[Records contained in a dataset]

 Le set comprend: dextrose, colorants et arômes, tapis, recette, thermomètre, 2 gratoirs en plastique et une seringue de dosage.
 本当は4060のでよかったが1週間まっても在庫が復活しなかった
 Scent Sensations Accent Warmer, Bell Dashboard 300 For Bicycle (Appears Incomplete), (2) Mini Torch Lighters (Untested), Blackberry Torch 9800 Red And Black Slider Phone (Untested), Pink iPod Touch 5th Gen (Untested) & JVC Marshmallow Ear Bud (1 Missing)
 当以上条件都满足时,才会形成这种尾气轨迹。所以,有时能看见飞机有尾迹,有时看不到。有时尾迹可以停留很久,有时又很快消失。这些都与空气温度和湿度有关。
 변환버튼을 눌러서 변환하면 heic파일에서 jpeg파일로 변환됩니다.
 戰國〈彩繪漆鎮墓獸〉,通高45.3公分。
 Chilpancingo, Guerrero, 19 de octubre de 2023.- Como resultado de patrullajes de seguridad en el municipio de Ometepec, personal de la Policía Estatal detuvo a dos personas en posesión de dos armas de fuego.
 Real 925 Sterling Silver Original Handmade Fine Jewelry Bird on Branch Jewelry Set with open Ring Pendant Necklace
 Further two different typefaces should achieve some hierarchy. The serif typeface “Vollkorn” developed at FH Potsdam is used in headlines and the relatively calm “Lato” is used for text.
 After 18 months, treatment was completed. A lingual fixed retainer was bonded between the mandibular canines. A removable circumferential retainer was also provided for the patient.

__TASK ITEM__.
The entries above hold the needed span. Transcribe exactly the lines from the one with "변환버튼을 눌러서 변환하면 heic파일에서 jpeg파일로 변환됩니다." to the one with "Real 925 Sterling", both included.

__YOUR SOLUTION__.
 변환버튼을 눌러서 변환하면 heic파일에서 jpeg파일로 변환됩니다.
 戰國〈彩繪漆鎮墓獸〉,通高45.3公分。
 Chilpancingo, Guerrero, 19 de octubre de 2023.- Como resultado de patrullajes de seguridad en el municipio de Ometepec, personal de la Policía Estatal detuvo a dos personas en posesión de dos armas de fuego.
 Real 925 Sterling Silver Original Handmade Fine Jewelry Bird on Branch Jewelry Set with open Ring Pendant Necklace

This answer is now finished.